Sunday, February 23, 2020

Sermon Annual Meeting February 23, 2020


2019 was indeed a busy year for us at St. Paul’s Church and we celebrated our 250th anniversary. Many extra things were done during the year, and our anniversary gave a special tone to most of the things we would have done in a regular year. I won’t go into the details now, but I can commend to you the Annual Report, it is a detailed account of the fabulous year we’ve had. No one person can take credit for it, it was certainly a community effort and I am deeply thankful to everyone who helped in any way.

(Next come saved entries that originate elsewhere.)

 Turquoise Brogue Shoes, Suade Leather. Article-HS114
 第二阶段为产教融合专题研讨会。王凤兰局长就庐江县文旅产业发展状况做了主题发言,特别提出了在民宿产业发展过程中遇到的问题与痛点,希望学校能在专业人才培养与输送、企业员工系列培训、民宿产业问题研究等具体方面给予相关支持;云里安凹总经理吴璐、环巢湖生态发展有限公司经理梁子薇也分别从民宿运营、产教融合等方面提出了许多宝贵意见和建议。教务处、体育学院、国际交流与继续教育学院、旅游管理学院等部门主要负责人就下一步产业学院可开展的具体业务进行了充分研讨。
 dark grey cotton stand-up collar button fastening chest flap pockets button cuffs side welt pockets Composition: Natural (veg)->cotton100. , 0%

Even financially, it was a fabulous year. I don’t know how, but again this year we have, as they say, ended the year in the black. Well, I do know how actually, it is by your generosity. Thank you!

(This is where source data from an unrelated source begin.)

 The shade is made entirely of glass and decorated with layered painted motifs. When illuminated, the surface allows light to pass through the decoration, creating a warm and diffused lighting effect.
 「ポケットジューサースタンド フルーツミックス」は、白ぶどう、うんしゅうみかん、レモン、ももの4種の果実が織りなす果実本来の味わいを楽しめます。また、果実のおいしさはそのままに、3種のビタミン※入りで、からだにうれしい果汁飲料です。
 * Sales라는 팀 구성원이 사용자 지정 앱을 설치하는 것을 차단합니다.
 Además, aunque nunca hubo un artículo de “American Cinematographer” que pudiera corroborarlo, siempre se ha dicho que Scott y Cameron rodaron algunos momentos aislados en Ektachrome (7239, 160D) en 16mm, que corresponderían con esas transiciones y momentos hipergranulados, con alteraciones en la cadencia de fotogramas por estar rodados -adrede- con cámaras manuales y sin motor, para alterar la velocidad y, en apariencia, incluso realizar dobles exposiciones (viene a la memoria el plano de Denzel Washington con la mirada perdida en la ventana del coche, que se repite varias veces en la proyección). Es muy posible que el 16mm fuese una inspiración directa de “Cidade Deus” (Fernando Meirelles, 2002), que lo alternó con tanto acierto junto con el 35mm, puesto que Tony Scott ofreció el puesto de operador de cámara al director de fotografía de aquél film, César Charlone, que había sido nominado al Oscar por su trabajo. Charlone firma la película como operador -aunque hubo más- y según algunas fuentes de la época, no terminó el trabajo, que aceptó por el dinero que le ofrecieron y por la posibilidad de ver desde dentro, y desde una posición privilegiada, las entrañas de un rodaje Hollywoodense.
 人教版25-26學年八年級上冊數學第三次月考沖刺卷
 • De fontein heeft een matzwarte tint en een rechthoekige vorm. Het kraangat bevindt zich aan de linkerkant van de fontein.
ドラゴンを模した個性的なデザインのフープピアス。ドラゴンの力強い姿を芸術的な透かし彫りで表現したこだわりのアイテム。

I confess to you that I am not all that interested in this Annual Report, I am far more interested in what next year’s report will say… and the year after that…

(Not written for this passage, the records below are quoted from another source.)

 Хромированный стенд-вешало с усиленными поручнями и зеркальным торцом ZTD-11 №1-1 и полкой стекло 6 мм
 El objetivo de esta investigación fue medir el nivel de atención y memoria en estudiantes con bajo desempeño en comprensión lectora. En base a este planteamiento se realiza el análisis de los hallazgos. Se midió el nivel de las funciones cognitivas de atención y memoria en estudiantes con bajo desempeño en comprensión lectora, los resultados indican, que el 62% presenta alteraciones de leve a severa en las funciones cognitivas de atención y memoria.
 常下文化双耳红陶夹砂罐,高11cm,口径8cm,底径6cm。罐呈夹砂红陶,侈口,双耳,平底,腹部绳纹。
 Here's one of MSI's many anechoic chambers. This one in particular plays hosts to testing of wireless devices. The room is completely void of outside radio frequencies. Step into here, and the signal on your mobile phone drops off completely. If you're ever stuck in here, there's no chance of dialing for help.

Wednesday is the beginning of Lent. We are invited at that time, to observe a holy Lent by self-examination, penitence, prayer, fasting, almsgiving, and by reading and meditating on the word of God.

I admit that I worry about us, I worry about the Church, I worry about this Church – are we too busy? – are we busy for business sake?

And Paul asks in our lesson today, “Do you not know that you are God’s temple and that God’s Spirit dwells in you?”

That’s as true about each of us as individuals as it is for our community. And so, we take time to rest. And rest we will. With what seems like a bunch of extra stuff in Lent: self-examination, penitence, prayer, fasting, almsgiving, reading, meditating.

At first, it doesn’t seem like a time of rest… Ah, but Lent is a kind of Sabbath-time too, it is a time of rest. The goal of Lent is to make us whole, to take the broken, bruised, separated pieces of ourselves and re-assemble them – to restore, to heal, to make whole, to make holy. There’s a pun there, I hope you got it – there a connection between being made whole and holiness.

As a part of the Sermon on the Mount, from which our Gospel lesson is taken this morning, Jesus says, “Be perfect, therefore, as your heavenly Father is perfect.”

I’m more careful what questions I ask in sermons these days, but many years ago I asked, “who here is perfect?” And a lone voice piped up, “my ex-husband thought he was.” {pause}

We think of being perfect as being without fault, blemish or crack. But the word we translate in the Bible as “perfect,” more closely resembles the word “whole.”

There’s no other force in the universe that can make whole the broken, bruised, separated pieces of ourselves than love. Wholeness is possible, especially when we understand the transformative power of loving our enemies. Just as Jesus asks, “love your enemies.” A transformative request. It is by love, and only by love that enemies (or strangers) are transformed into friends… and that transformation begins with a prayerful transformation in me.

Yes, we rest this Lent, we seek wholeness, we seek holiness so that we can continue serving our Creator by serving others; loving God by loving others; loving Jesus by loving enemies and strangers; so that we are free to show the Transforming Love and Justice of God in Action, in all that we do. And that is why I am looking forward to readings about it in next year’s Annual report. Amen.